Mention the types of redox reactions?
Answer:
The types of redox reactions are combination reaction, decomposition reaction, displacement reaction, disproportionate reaction and competitive electron transfer reactions.

III. Short Question and Answers (3 Marks):

Question 1.
Describe the chemical classification of matter.
Answer:
Matter can be classified into mixtures and pure substances based on chemical compositions. Mixtures consists of more than one chemical entity present without any chemical interactions. They can be further classified as homogeneous or heterogeneous mixtures based on their physical appearance. Pure substances are composed of simple atoms or molecules. They are further classified as elements and compounds.

Question 2.
Distinguish between element and compound.
Answer:
An element consists of only one type of atom. Element can exists as monoatomic or polyatomic units. The polyatomic elements are called molecules.
Example: Monoatomic unit – Gold (Au), Copper (Cu);
Polyatomic unit: Hydrogen (H₂), Phosphorous (P₄).

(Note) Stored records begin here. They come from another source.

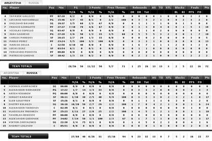 El partido se jugó en el Polideportivo de la ciudad letona de Riga y los parciales fueron estos: Argentina 19-19, 40-35, 53-50 y 72-77.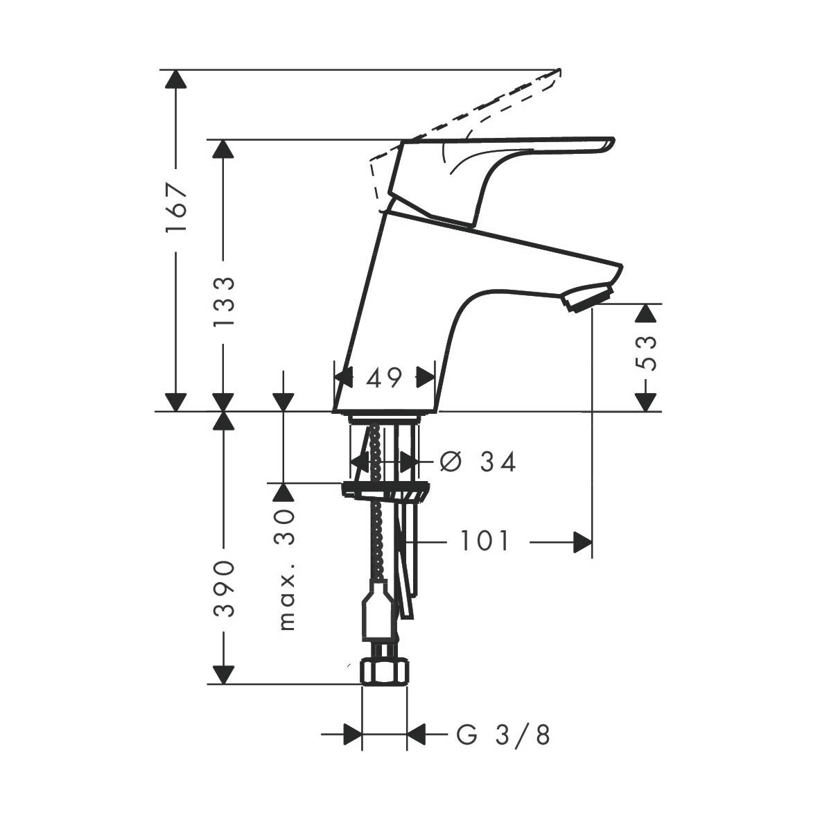• Anschlussart: G 3/8 Zoll Anschlussschläuche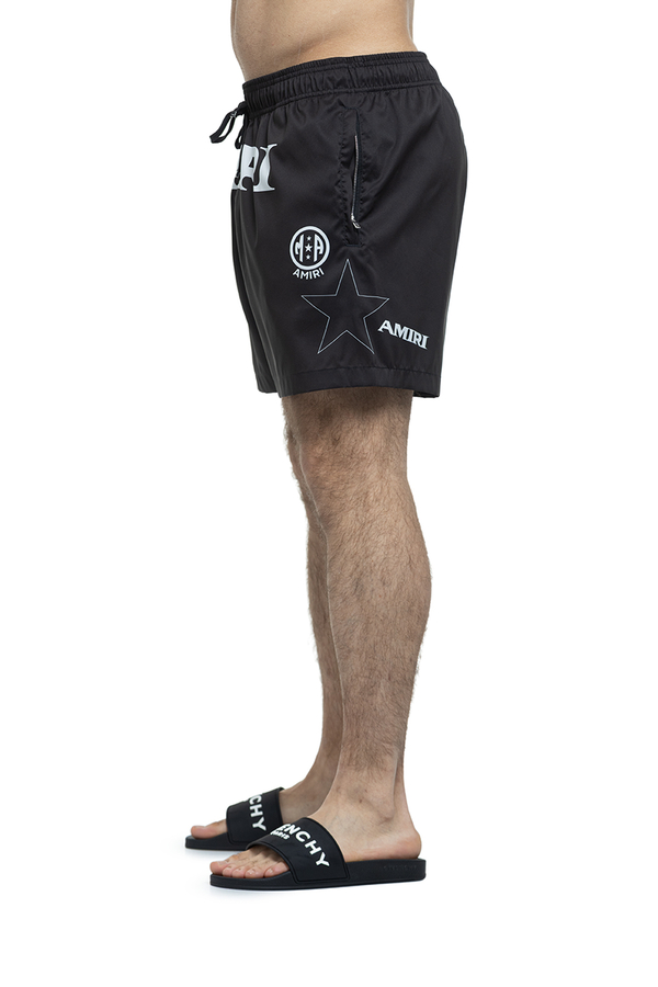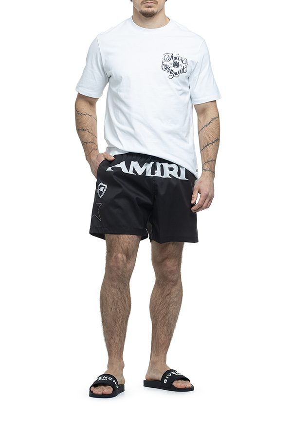- Плавки з еластичним поясом на шнурку, принт логотипу, дві кишені на блискавках у бічних швах, одна накладна кишеня ззаду

Compounds are made up of molecules which contain two or more atoms of different elements.
Example: Carbon dioxide (CO₂), Glucose (C₆ H₁₂ O₆)

Properties of compounds are different from those of their constituent elements. For example, sodium is a shiny metal, and chlorine is an irritating gas. But the compound formed from these two elements, sodium chloride shows different characteristics as it is crystalline solid, vital for biological functions.

Question 3.
What is average atomic mass? How is average atomic mass of chlorine calculated?
Answer:
Average atomic mass is defined as the average of the atomic masses of all atoms in their naturally occurring isotopes. Chlorine consists of two naturally occurring isotopes ₁₇Cl³⁷ and ₁₇Cl³⁵ in the ratio 77 : 23, the average relative atomic mass of chlorine is
= ((35 × 77) + (37 × 23)) / 100
= 35.46 u

Question 4.
What will be the mass of one ¹²C atom in g?
Answer:
Molar mass of ¹²C = 12.00 g mol^-1.
∴ Mass of 6.023 x 10²³ carbon atom = 12.0 g
∴ Mass of 1 carbon atom = \(\frac{12}{6.023 \times 10^{23}}\) = 1.992 x 10 g.

Question 5.
Discuss the role of antacids.
Answer:
Gastric acid is a digestive fluid formed in the stomach and it contains hydrochloric acid. The typical concentration of the acid in gastric acid is 0.082 M. When the concentration exceeds 0.1M it causes heartburn and acidity. Antacids used to treat acidity contain mostly magnesium hydroxide or aluminium hydroxide that neutralizes the excess acid. The chemical reactions are as follows.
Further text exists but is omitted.